In addition to their usefulness as biomarkers of risk in ER+ breast cancers, the chromosomal regions 17q21.33-q25.1, 8p11.2 and 8q24.3 contain oncogenes that may be valuable as therapeutic targets for novel drug therapies. Genes in the 8p11.2 region identified as putative oncogenes and therapeutic targets include U6 snRNA-associated Sm-like protein (LSM1), Wolf-Hirschhorn syndrome candidate 1-like 1 (WHSC1L1), and the RNA Polymerase III subunit BRF2 in region 8p11.2. Of note BRF2 has the highest associated HR, and was recently identified as a putative oncogene in squamous cell lung cancer [29], [30], [34], [43]. Fibroblast growth factor receptor-1 (FGFR1), recently identified as a putative driver of endocrine resistance in breast cancer [36], is at the edges of the 8p11.2 amplicon that we found associated with early relapse in ER+ breast cancer treated with tamoxifen. Its outlier profile is associated with poor survival with hazard ratio of 1.8 and a log-rank P value of 0.046 (Table S2). However, in our analysis FGFR1 is not the strongest candidate in this region, and was not present in our minimal amplicon region defined by our methods.

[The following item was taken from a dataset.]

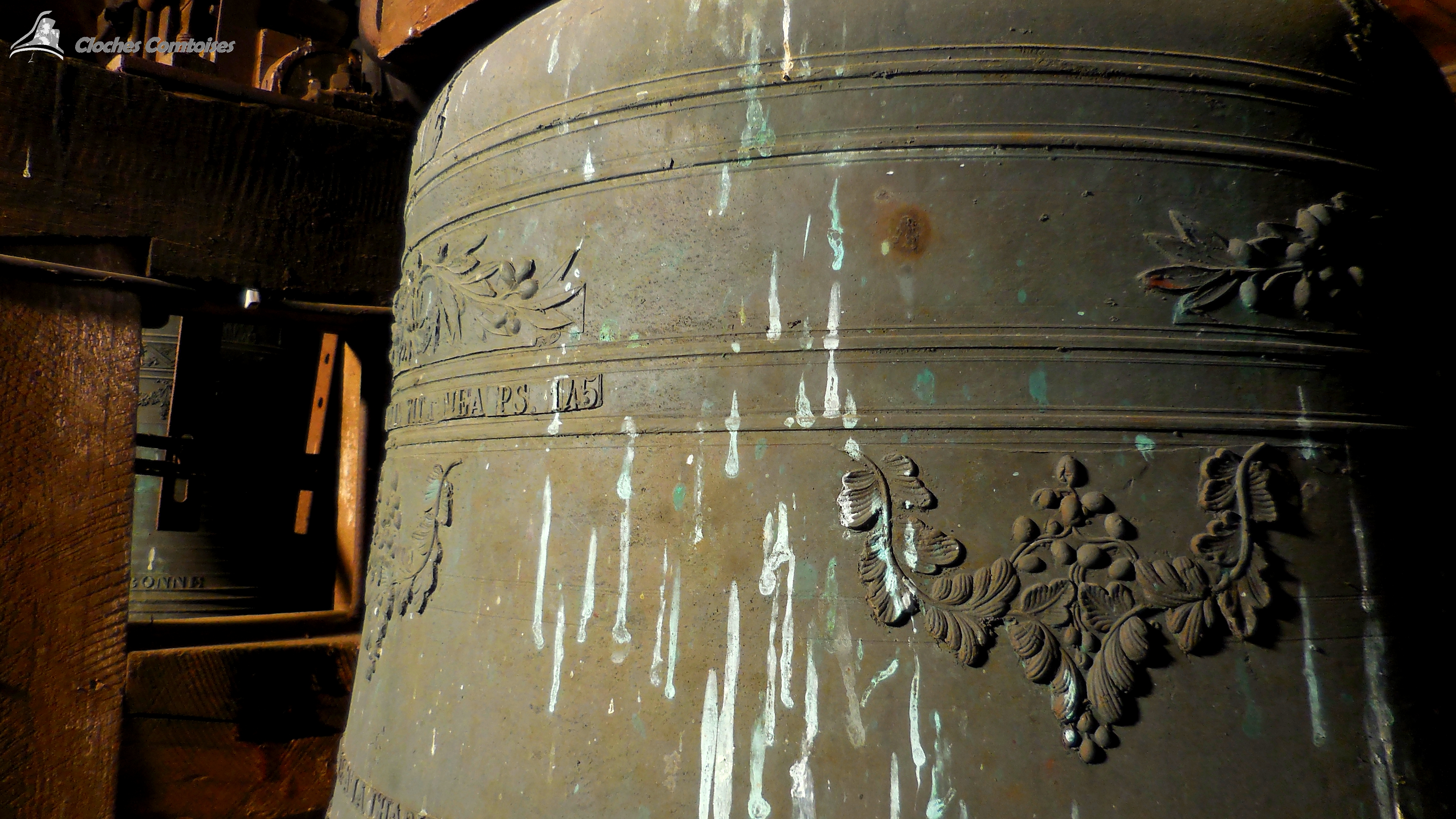 Cloche 1: « Léonie-Marie-Antoinette », Diamètre 95.3, Poids 460 kg, Fondue par Bournez à Morteau, En 1 889, Chante le Fa#3

As seen in Figure S1, the majority of outlier genes associated with poor prognosis on the q arm of chromosome 8 are clustered in the region 8q24.3 with the rest of them scattered all the way to 8q11.2. This suggests that in some cases the whole q arm of chromosome 8 is amplified or that there are a number of amplicons on 8q that correlate with 8q24.3. Slightly more upstream of 8q24.3 there is a well known oncogene MYC, a key estrogen effector, that has been reported to induce tamoxifen resistance when over-expressed [44]. Although MYC could also contribute to the effect of this amplicon on early relapse, it was not identified in our analysis as strongly associated with differential survival (log-rank P  = 0.042, Table S2) compared to more distal genes, suggesting it may contribute to only a minority of cases containing this amplicon. Other potential genes driving tumorigenesis in 8q24.3 include Heat Shock Transcription Factor 1 (HSF1), which has been shown to be a powerful potentiator of tumorigenesis [29], [30], [34]. Also of interest is YWHAZ, a member of the 14-3-3 family of proteins. High expression of YWHAZ has been associated with poor clinical outcome in ER+ breast cancer [45]. Down-regulation of YWHAX can restore tamoxifen sensitivity to tamoxifen resistant populations of MCF-7 cells, suggesting it may play a direct role in mediating hormone resistance [46].

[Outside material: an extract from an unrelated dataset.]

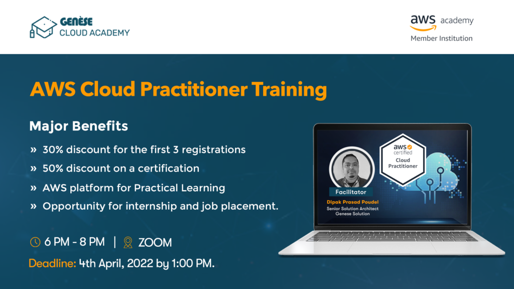 Genese Academy is organizing a training on AWS Cloud Practitioner Certification Preparation Course. This course is targeted at IT working professionals and students interested to start a career in the cloud. This course would be a great start for the AWS Cloud Practitioner Certification examination and to start your AWS journey that also provides technical & non-technical lessons to know what AWS has to offer. Course content includes an introduction to Cloud Computing, AWS Cloud, its advantages, its services, pricing, and support plans.

Of the chromosomal regions identified in this study, 17q21.33-q25.1 is the least understood. Situated downstream of a much better known amplicon 17q12 (HER2+), it is known to be amplified and correlated with high grade tumors and poor prognosis [26]. However, there is still no definite identification of driver oncogenes in this region. Possible candidates are CLTC, involved in gene fusions in B-cell lymphomas and non-small cell lung carcinomas, and RAD51C involved in DNA repair and homologous recombination. The gene with highest HR for relapse in this region is Prohibitin (PHB), a transcriptional regulator that has been shown to have both oncogenic and tumor suppressor capability in different contexts. Of note PHB has been reported to associate with and inhibit ER-mediated transcriptional function, suggesting it may play a role in modulating ER-function [47].

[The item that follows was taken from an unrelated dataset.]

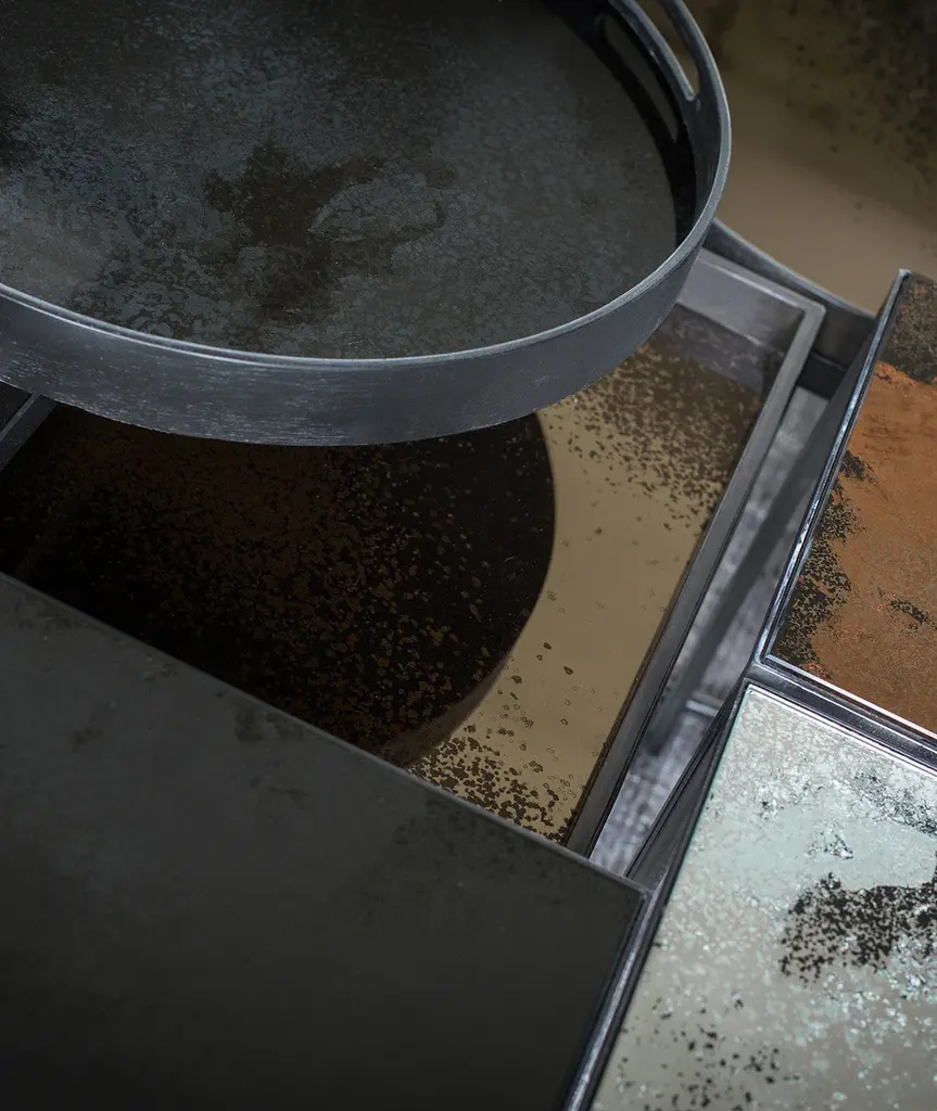 A subdued color palette meets captivating motifs inspired by nature and travel. This collection of trays experiments with the balance between rich patterns offset with muted tones, revealing the beauty behind the deceivingly ordinary subjects from which inspiration is drawn. In doing so, this collection captures the essence of timelessness.

Another gene associated with early relapse is Cyclin D1 (CCND1, log-rank P  = 5.7e-06, Table S2) [48] located on chromosomal band 11q13, which is another well known amplification site [49]. However CCND1 is also a cell cycle marker and its expression is associated with proliferation. Thus the association of high CCND1 expression with poor outcome may in part reflect its role in proliferation and not just as a driver oncogene. This region was not identified as an independent potential amplicon in our analysis. Intriguingly there are reports of an association between 11q13 amplification and amplification of 8p12 [38], [50], [51] in breast cancers, with some reports demonstrating a physical association between these domains [50].

Analysis for the presence of 17q21.33-q25.1, 8p11.2 and 8q24.3 amplicons by a multiplexed FISH assay in 36 ER+/HER2- samples from the MicMa cohort showed there is a trend towards decreased relapse free survival in patients who have amplicons compared to those who do not. Although small numbers limit statistical significance, these results are encouraging and suggest that a FISH-based assay could be developed as a prognostic tool. Future studies that evaluate large, well annotated clinical data sets are necessary to validate the FISH assay and determine whether these amplicons can be of used as predictive and prognostic markers in ER+ breast cancer.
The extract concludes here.